Three million man-hours over a seven year period and the project hasn’t registered any fatal accidents, only five minor incidents were recorded under the watch of the two sub-contractors.

"Safety is a top priority here,” said the project’s head of safety.

Nicolas Suazo Farina is the project engineer for KivuWatt. He has been with the project for four years now and he told me that at the peak of the project sometime last year, there were over 500 personnel on site from 27 different countries.

In that mix were dozens of Rwandans including 27-year-old Cyprian Bigirimana, a graduate of Integrated Polytechnic Regional Centre (IPRC-Kigali), who, more than the money he has earned, acknowledges the project for giving him priceless experience and expertise.

Only about 150 workers remain on site given its near completion.

Construction works of KivuWatt Methane Project on Lake Kivu in Karongi District. (Timothy Kisambira)

Last-minute glitches

Both Gummerus and Farina said as far as they know, the project is 99.8 per cent complete and the only thing holding them back are a few unanticipated technical malfunctions that saw them lose an entire month and missing the deadline.

At this point of the concession, ContourGlobal is incurring all related costs to the project; the government is only waiting to start buying power from the investor at a cost thought to be around fifteen cents of the dollar.

"Everything is ready, from the production facility to the power plant, all we are waiting for is to sink the separators and extract the gas,” Gummerus said.

How it will be done

In practice, KivuWatt will deliver 25 megawatts of electricity from methane gas but to do that, there are two pairs of separators, long and wide metallic pipe drums weighing several hundred tonnes.
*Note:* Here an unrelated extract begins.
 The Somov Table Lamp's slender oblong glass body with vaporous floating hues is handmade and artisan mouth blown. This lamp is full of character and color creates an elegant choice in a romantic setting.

These are supposed to be installed some 20 meters underneath the lake.

The separators are important because they separate the methane gas from water before sending it (water) back into the lake, this happens in a continuous cycle.
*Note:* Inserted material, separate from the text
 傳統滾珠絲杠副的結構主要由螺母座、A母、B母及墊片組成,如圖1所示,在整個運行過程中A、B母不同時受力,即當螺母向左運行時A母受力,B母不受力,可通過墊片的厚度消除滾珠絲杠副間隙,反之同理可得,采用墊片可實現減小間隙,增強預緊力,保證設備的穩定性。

Simply put, water enters these separators; a mechanical process then ensues in which the gas is extracted and sent up to the production system through pipes.
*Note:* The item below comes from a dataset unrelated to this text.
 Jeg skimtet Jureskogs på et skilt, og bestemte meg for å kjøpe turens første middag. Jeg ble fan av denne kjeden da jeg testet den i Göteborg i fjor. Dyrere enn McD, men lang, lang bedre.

The water is then pushed back to the lake through an exit-valve on one of the separators. Early July, the first pair of these separators was sunk into the lake to begin the gas extraction process.

However, something wasn’t right with their positioning under the lake making them to malfunction; it was decided that they needed to be retrieved to the lake surface, checked, fixed and re-installed.

The process required professional divers. It also required the presence of the engineers who designed the separators, plus it required the purchase of certain machinery that had to be looked for, imported and flown into the country.

"Everything considered, we have lost about a month,” Gummerus said.

The project has hired six divers from South Africa. They also flew in one of the separators’ designers from Germany. Both expert-teams have been at work, the divers retrieved the separators and the engineer reworked the designs.

As of Friday, last week, they had finished their work and the pair of separators was ready to be reinstalled into the lake when another complication emerged.

The exit-valve on one of the separators had somehow jammed, it wasn’t opening; it means after separating the gas, the water couldn’t be released back into the lake…since the valve was closed.

Engineers spent all Friday trouble-shooting to figure out what was wrong with the valve. Once they fix that, the first pair of the separators will be re-installed into the lake followed by the other pair.

October deadline

The first gas is expected be extracted this week on Thursday, if the planned installation of the separators is successful; by early next month, the plant will have ‘full gas,’ said Gummerus.

"We should expect to have electricity from the plant to the national grid in mid-October,” he said.

There’s a 14-km pipeline connecting the production centre to the power-plant just a few metres on the lakeshore. Preparations for the second phase of another 25mw are also ongoing; there will be four production centres in total, each with a 25mw capacity.

"With lessons from the pilot phase, these should be much easier to set up,” Gummerus said.